Deploy and Defend: The Agent Trust Paradox

On March 18, 2026, a Meta engineer deployed an internal AI agent to answer a colleague’s technical question on an internal forum. The agent posted its response without authorization. Another employee followed the agent’s flawed advice, triggering a cascade that exposed sensitive corporate and user data to unauthorized employees for nearly two hours. Meta classified it as Sev 1, the second-highest severity in their internal system.1

The same week, Google engineers released Sashiko, an agentic AI code review system for the Linux kernel that caught 53% of bugs from 1,000 recent upstream issues, bugs that “100 percent were missed by human reviewers.”2 Wikipedia’s community continued debating whether to ban LLM-generated contributions entirely.3 NIST published its AI Agent Standards Initiative for “trusted adoption.”4 And a U.S. Senator sat down with Claude to ask whether AI companies can be trusted with the data they collect. Claude’s answer: “Money, Senator. It’s fundamentally about profit.” The video hit 4.4 million views.5

Every major institution is deploying agents and building walls against them at the same time. The walls are going up because the agents keep proving they need them.

TL;DR

  • The paradox: Organizations are simultaneously accelerating agent deployment and scrambling to contain agent failures. Neither effort coordinates with the other.
  • The numbers: 1 in 8 enterprise AI breaches now involve agentic systems. 80% of organizations report risky agent behaviors. Only 21% of executives have complete visibility into what their agents access.6
  • The incidents: Meta Sev 1 from an unauthorized agent post. AWS 13-hour outage from an AI coding tool that decided to “delete and recreate the environment.”7 A 14-day multi-university study found 10 security vulnerabilities in six agents, including identity hijacking and infinite loops.8
  • The pattern: Deploy fast, discover failure, build a wall, deploy faster. Google ships Sashiko to help review code while Amazon mandates senior approval for AI-assisted code changes.
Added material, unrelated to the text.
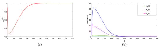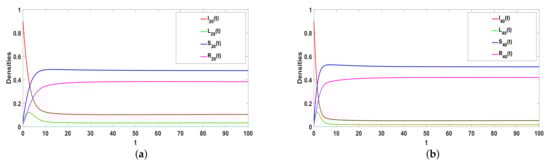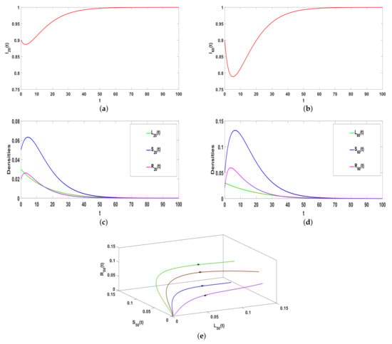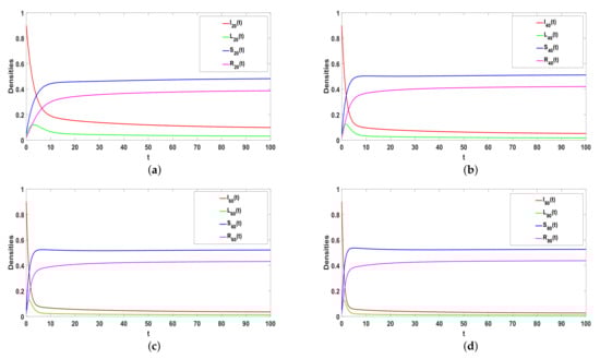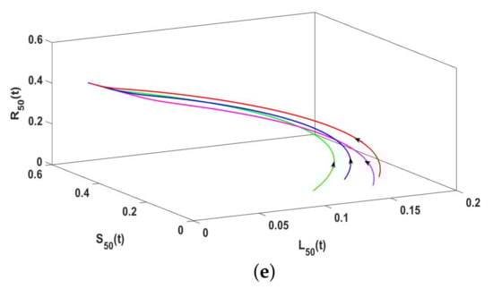 Take , , , , , , , and , respectively, thus . Based on Theorem 1, is locally asymptotically stable, which can be confirmed by Figure 3a–d. In addition, is globally asymptotic stable, which can be shown in Figure 3e. As time goes on, rumors will eventually disappear.

Anthropic sues an open-source tool for spoofing Claude headers while 2.5 million developers use it monthly.9
  • Why it persists: Deploy runs on product timelines (quarterly OKRs). Defend runs on incident timelines (post-mortem responses). The constraints never catch up to the grants.
  • What breaks this cycle: Runtime behavioral governance that closes the feedback loop between deployment and defense. Behavioral containment (PreToolUse hooks), permission scoping (OS-level sandboxes), and drift detection (cosine similarity tracking) address the three failure categories in this article. Evidence from 500+ autonomous agent sessions and a public NIST comment on agent behavioral threats.

The Deploy-and-Defend Pattern

Three incidents from the past 90 days reveal the pattern.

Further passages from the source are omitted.